Sorry if I misunderstand, but can’t you play hi-res files on your system? I sometimes play hi-res (24-bit/96 or 192 kHz) streamed music on my iPad, which works fine except that the maximum resolution of the device is 24-bit/48 kHz. But it plays fine at that maximum resolution somehow, I don’t know how. My good AVR can play the full resolution, of course.


----------



## jimsumner (Jul 7, 2013)

Simplicissimus said:


> Sorry if I misunderstand, but can't you play hi-res files on your system? I sometimes play hi-res (24-bit/96 or 192 kHz) streamed music on my iPad, which works fine except that the maximum resolution of the device is 24-bit/48 kHz. But it plays fine at that maximum resolution somehow, I don't know how. My good AVR can play the full resolution, of course.


iTunes cannot handle FLAC. If that's your playback system you have to find a way to convert or you're out of luck.


----------



## BlackAdderLXX (Apr 18, 2020)

Simplicissimus said:


> Sorry if I misunderstand, but can't you play hi-res files on your system? I sometimes play hi-res (24-bit/96 or 192 kHz) streamed music on my iPad, which works fine except that the maximum resolution of the device is 24-bit/48 kHz. But it plays fine at that maximum resolution somehow, I don't know how. My good AVR can play the full resolution, of course.


I pretty much only use my cell phone and downloaded music.


----------



## Joe B (Aug 10, 2017)

Here's another option for you:

https://www.freac.org/

It's free and it works. I originally downloaded it to be able to convert the few FLAC and hi-res FLAC files I have to the mp3 format so I could listen to them in my car.


----------



## jegreenwood (Dec 25, 2015)

jimsumner said:


> iTunes cannot handle FLAC. If that's your playback system you have to find a way to convert or you're out of luck.


iTunes cannot handle FLAC, but there are iPhone apps that can, even hi-rez FLAC.

https://www.digitaltrends.com/music/playing-flac-files-on-ios-devices/

However, it might be simpler to convert the FLAC to Apple Lossless (ALAC).


----------



## annaw (May 4, 2019)

jegreenwood said:


> iTunes cannot handle FLAC, but there are iPhone apps that can, even hi-rez FLAC.
> 
> https://www.digitaltrends.com/music/playing-flac-files-on-ios-devices/
> 
> However, it might be simpler to convert the FLAC to Apple Lossless (ALAC).

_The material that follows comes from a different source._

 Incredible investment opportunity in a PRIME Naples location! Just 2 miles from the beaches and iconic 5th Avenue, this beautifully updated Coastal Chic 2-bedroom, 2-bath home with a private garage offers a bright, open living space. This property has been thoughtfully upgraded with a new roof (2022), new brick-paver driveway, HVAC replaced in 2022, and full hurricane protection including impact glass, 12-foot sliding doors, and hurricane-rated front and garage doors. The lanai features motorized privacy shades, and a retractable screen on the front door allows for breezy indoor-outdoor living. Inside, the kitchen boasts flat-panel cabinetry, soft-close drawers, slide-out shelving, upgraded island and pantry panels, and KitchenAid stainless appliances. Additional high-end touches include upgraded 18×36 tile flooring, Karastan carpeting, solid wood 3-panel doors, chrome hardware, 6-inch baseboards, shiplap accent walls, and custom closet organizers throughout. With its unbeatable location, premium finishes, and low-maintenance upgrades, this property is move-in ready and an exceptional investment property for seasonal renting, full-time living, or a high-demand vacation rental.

I used iTunes for a short time as well. I also ended up converting FLAC to ALAC. As that became a bit too bothersome, I started using Swinsian which plays FLAC and works very nicely. It is also more easier to organise than iTunes, in my opinion.


----------



## rice (Mar 23, 2017)

BlackAdderLXX said:


> I pretty much only use my cell phone and downloaded music.

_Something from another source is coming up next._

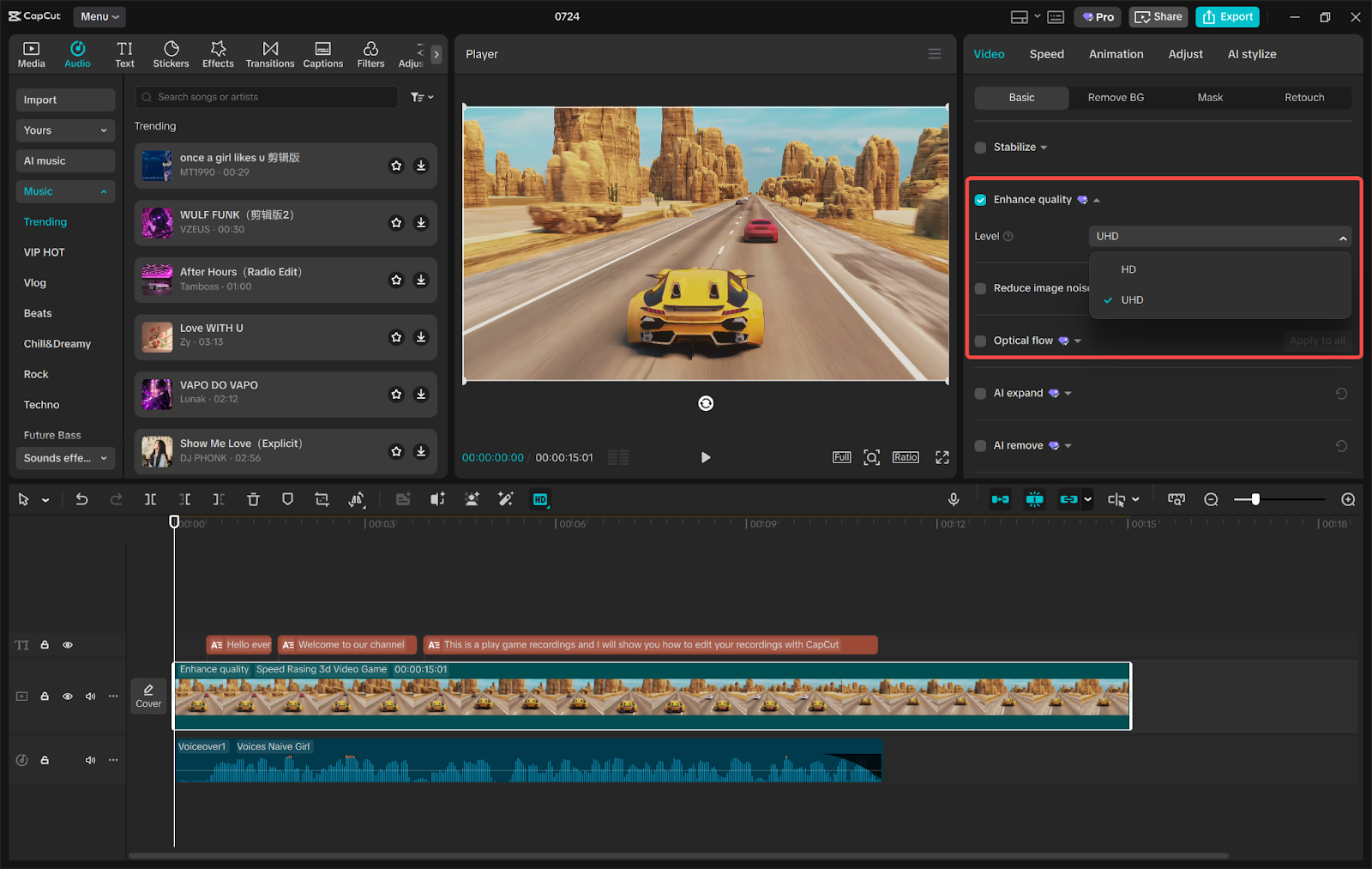 AI Video Upscaler in CapCut assists in that. It removes a hazy video, enhances the lights, and makes the details crisp. I applied it to an ancient drift video. It gave me an incentive to keep my head high and share something, even something that I was too embarrassed to share.

Most if not all modern phones are capable to playback 24 bit 96 kHz files, even much higher with ease.
If your phone cannot play them with the default player, you probably just need to download a proper music player.


----------



## jegreenwood (Dec 25, 2015)

rice said:


> Most if not all modern phones are capable to playback 24 bit 96 kHz files, even much higher with ease.
> If your phone cannot play them with the default player, you probably just need to download a proper music player.


From the article I linked.

"Whether you listen via the headphone jack on older iPhones, or via the lightning-to-3.5mm adapter that comes with newer iPhones, Apple's DAC will step down the quality to a maximum of 24-bit/48KHz. This means you won't be able to hear true hi-res audio, even if your audio files are encoded to hi-res specifications."

As the article mentions, you can get hi-res if you use an external DAC (like the Audioquest Dragonfly).


----------